Materials & Design (May 2024)
Carrier-free poly(glycyrrhetinic acid)-facilitated celastrol-loaded nanoparticle for high-efficiency low-toxicity treatment of rheumatoid arthritis
Abstract
Rheumatoid arthritis (RA) is a complex autoimmune disease associated with synovial inflammation and articular cartilage destruction. Currently, high-efficiency low-toxicity management of this intractable disease is highly urgent. Here, a drug-backboned polymer, polyglycyrrhetinic acid (PGA), was synthesized through the condensation of GA, a principal anti-inflammatory component of Glycyrrhiza glabra. PGA was then used as a therapeutic polyprodrug carrier to fabricate carrier-free PGA@Cel nanoparticles (NPs) for treating rheumatoid arthritis.
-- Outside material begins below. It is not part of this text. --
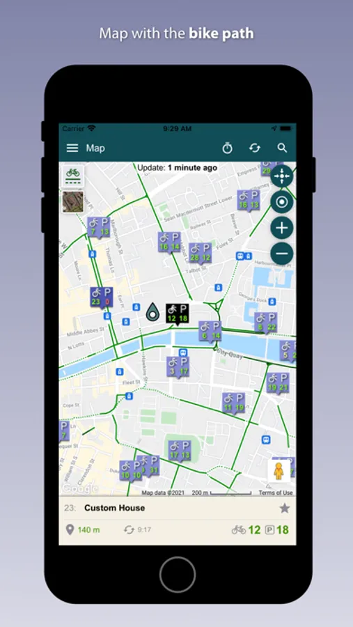 - Map of the city with the position of stations showing the number of bikes and the free stands for each station. It includes also the BIKE PATH.

The as-prepared NPs exhibited a uniformly spherical morphology with an average particle size of approximately 180 nm and a celastrol (Cel) loading capacity of around 4.5 %. Upon intravenous injection, the NPs demonstrated prolonged blood circulation, efficient accumulation at inflammatory joints through extravasation via leaky vasculature and subsequent inflammatory cell-mediated sequestration (ELVIS) effect. The present study demonstrated enhanced anti-inflammatory and rheumatic decay efficiency in rat models of antigen-induced arthritis, while simultaneously minimizing off-target toxicity. Overall, our results elucidate that this carrier-free drug-backboned nanopolydrug platform provides a promising strategy for RA therapy.